What you add are great melodies and lyrics–the parts that make your song truly unique. And the only portions of a song you can copyright

 

Use Fresh Formulas

Oh, didn’t think formulas could be fresh? On the contrary, you should try to use them in a fresh way. This is where skill comes in. You have to balance just the right amount of familiar formulas, with some type of fresh element. It can be a lyric, a melody or as simple as stopping the beat for a second somewhere unexpectedly. Whatever you do, it has to be done just right. A two minute intro isn’t fresh, it’s likely a huge error. The key is: study, know what’s expected, then do the unexpected somewhere just for a moment and / or ever-so-slightly; and that becomes fresh.

 

What to Study in Other Hit Songs

Ask the following questions from the list below about the top hit songs for a given year and genre and find what they have in come or what the averages are.

* How long are the intros?

* Are the intros different or similar to other sections in the songs?

* How many different chords did they use in the song?

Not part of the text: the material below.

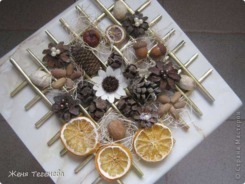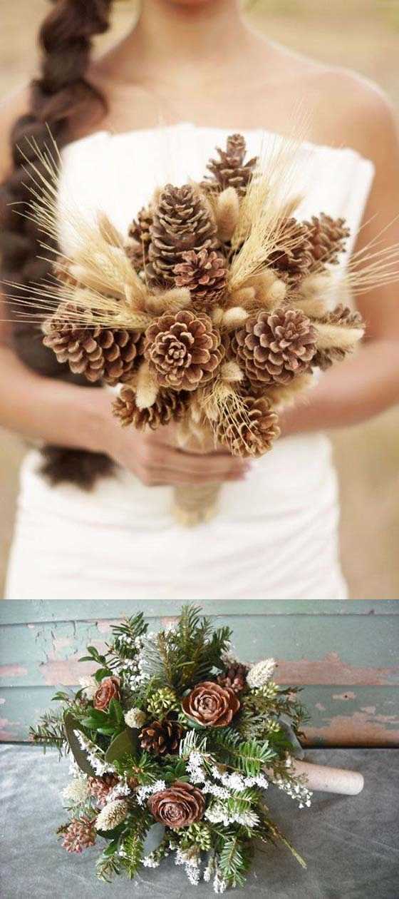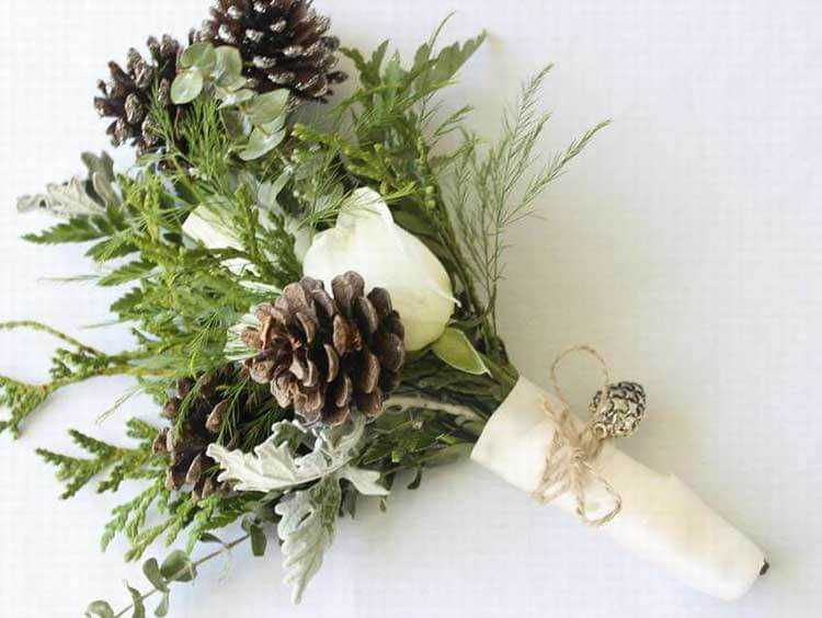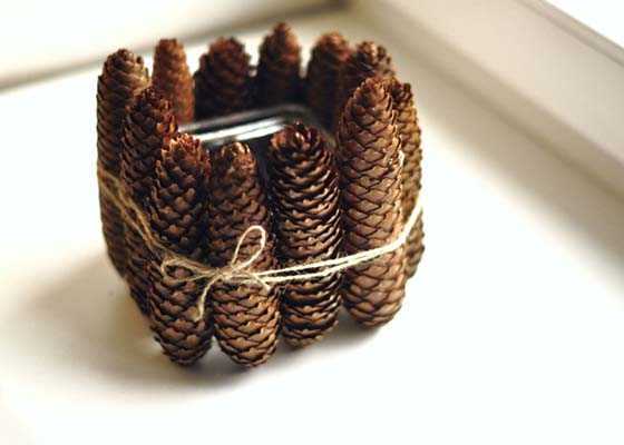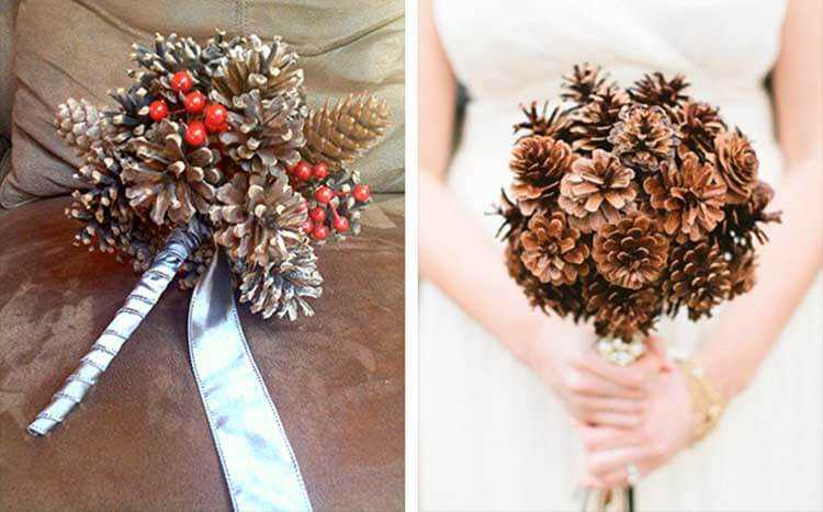 Верхушки шишек можно оставить заостренными, — так их легче втыкать, создавая букет, либо воспользоваться кусачками и отрезать лишнее (тогда шишки можно даже приклеить, создавая панно)

* Did they have varied chord progressions or did they repeat a particular progression a lot?

* How long are the songs?

* How many bars in the verses?

* Do they have pre-choruses?

* How many bars are in the choruses?

* How many hit songs used a bridge?

* How many bars are the bridges?

* Did they have breakdown choruses somewhere in the song?

* Where were the hooks placed in the choruses and how many times did they repeat the hook?

* What kind of rhyming patterns did they use?

* What is the most popular beat pattern or rhythm?

* What time signatures are most popular? 4/4, 3/4 or 6/8 or other?

* What tempos (bpm) are most popular?

* What topics were most popular? (in love, lonely, breakup, anger, party, etc)

There are more questions you can ask of course, but this covers the important stuff and gets you moving in the right direction.

 

The Take Away For Using Formulas

Study what works on the charts. This is what the buying and listening public is responding to currently. Use the elements that work from hit songs in your songs, while also injecting some fresh or original twist along they way that makes your song special or unique. If you learn what succeeds and use that successful formula with your own creations; by mirroring what works, you have the greatest chance of also finding success.